Step G1 is generally always performed in the vertex shader. Step G2 should be performed in the geometry shader since the geometry shader has access to all vertices of the polygon (provided it is a triangle). Consequently, if the geometry shader is not used, the vertex shader needs to receive the other vertices as attributes in order to compute the distances. This entails that the application code is not invariant to whether the wireframe method is used, that additional data needs to be transmitted, and, finally, that the use of indexed primitives is precluded since the attributes of a vertex depend on which triangle is drawn.

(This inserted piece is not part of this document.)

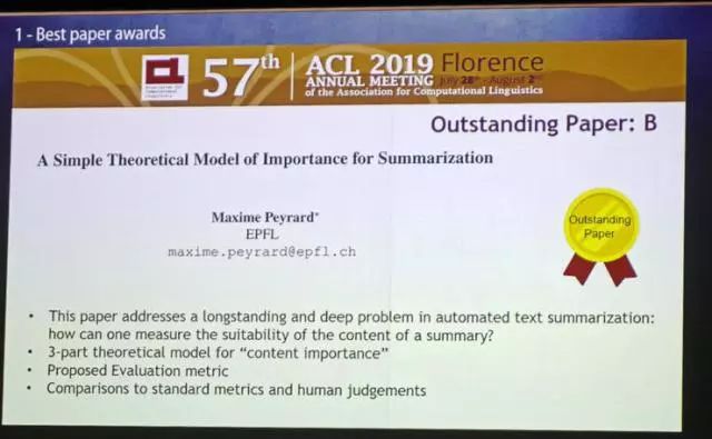 ACL2019最佳论文出炉,共八篇文章获奖。来自中科院、华为诺亚方舟实验室等机构的论文获得了最佳长论文;一篇来自南京理工大学论文获得了杰出论文奖。除此之外,还有很多华人学者都是获奖论文的作者。由此可见,国内研究者在 NLP 领域还是取得非常不错的成绩。
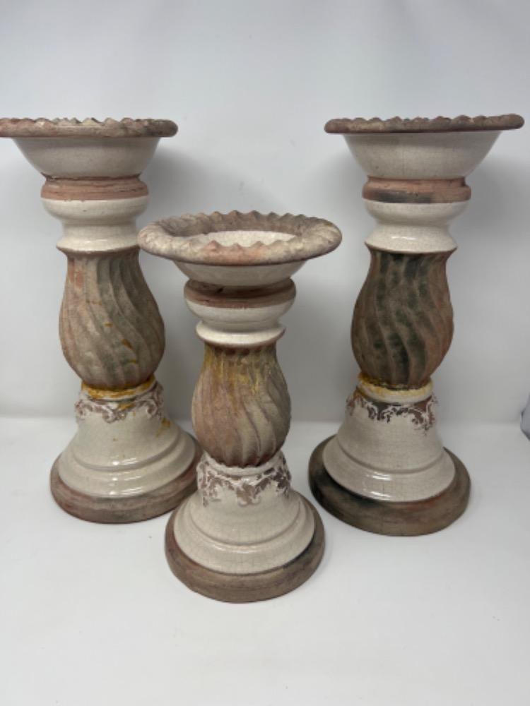 Lot # 122 - 3 Ceramic Pedestals/Candleholders Starting Bid: $ 5.00 Bids: This sale will end in: |

So when not using the geometry shader you indeed don't know the other vertices of a triangle and therefore have to transmit them as additional vertex attributes. So for each vertex of a triangle you got two additional vec3 attributes containing the positions of the other two vertices of this triangle. And of course, like the text says, you cannot use indexed drawing, since those two attributes don't only depend on the vertex position, but also on the triangle this vertex belongs to.

Lucillelucina answered 18/1, 2012 at 18:47 Comment(10)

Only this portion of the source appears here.